• WHAT YOU ARE ASKED TO DO: In the material below, the line holding "炒青瓜 昨天剩的半条鲈鱼 意面" and every line after it should be reproduced exactly, please, with pictures omitted.

#### SUPPLIED DATA ####

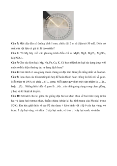 Câu 10: Mendel cho lai giữa các giống đậu hà lan khác nhau về hai tính trạng (màu
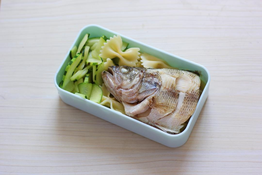 炒青瓜 昨天剩的半条鲈鱼 意面
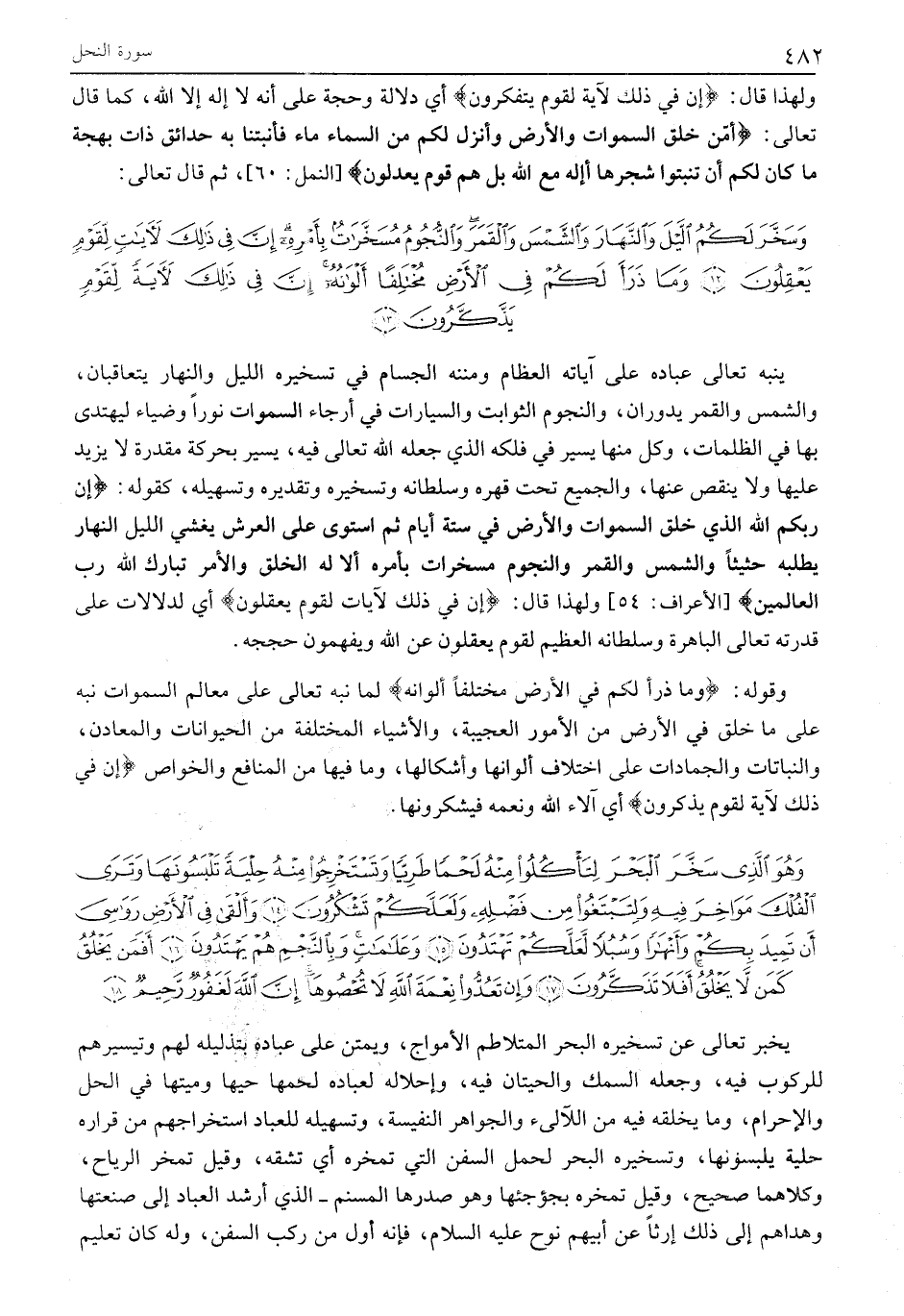 وَهُوَ الَّذِي سَخَّرَ الْبَحْرَ لِتَأْكُلُوا مِنْهُ لَحْماً طَرِيًّا وَتَسْتَخْرِجُوا مِنْهُ حِلْيَةً تَلْبَسُونَها وَتَرَى الْفُلْكَ مَواخِرَ فِيهِ وَلِتَبْتَغُوا مِنْ فَضْلِهِ وَلَعَلَّكُمْ تَشْكُرُونَ (14) وَأَلْقى فِي الْأَرْضِ رَواسِيَ أَنْ تَمِيدَ بِكُمْ وَأَنْهاراً وَسُبُلاً لَعَلَّكُمْ تَهْتَدُونَ (15) وَعَلاماتٍ وَبِالنَّجْمِ هُمْ يَهْتَدُونَ (16) أَفَمَنْ يَخْلُقُ كَمَنْ لَا يَخْلُقُ أَفَلا تَذَكَّرُونَ (17) وَإِنْ تَعُدُّوا نِعْمَةَ اللَّهِ لَا تُحْصُوها إِنَّ اللَّهَ لَغَفُورٌ رَحِيمٌ (18)

####

• ANSWER TO THIS TASK:
 炒青瓜 昨天剩的半条鲈鱼 意面
 وَهُوَ الَّذِي سَخَّرَ الْبَحْرَ لِتَأْكُلُوا مِنْهُ لَحْماً طَرِيًّا وَتَسْتَخْرِجُوا مِنْهُ حِلْيَةً تَلْبَسُونَها وَتَرَى الْفُلْكَ مَواخِرَ فِيهِ وَلِتَبْتَغُوا مِنْ فَضْلِهِ وَلَعَلَّكُمْ تَشْكُرُونَ (14) وَأَلْقى فِي الْأَرْضِ رَواسِيَ أَنْ تَمِيدَ بِكُمْ وَأَنْهاراً وَسُبُلاً لَعَلَّكُمْ تَهْتَدُونَ (15) وَعَلاماتٍ وَبِالنَّجْمِ هُمْ يَهْتَدُونَ (16) أَفَمَنْ يَخْلُقُ كَمَنْ لَا يَخْلُقُ أَفَلا تَذَكَّرُونَ (17) وَإِنْ تَعُدُّوا نِعْمَةَ اللَّهِ لَا تُحْصُوها إِنَّ اللَّهَ لَغَفُورٌ رَحِيمٌ (18)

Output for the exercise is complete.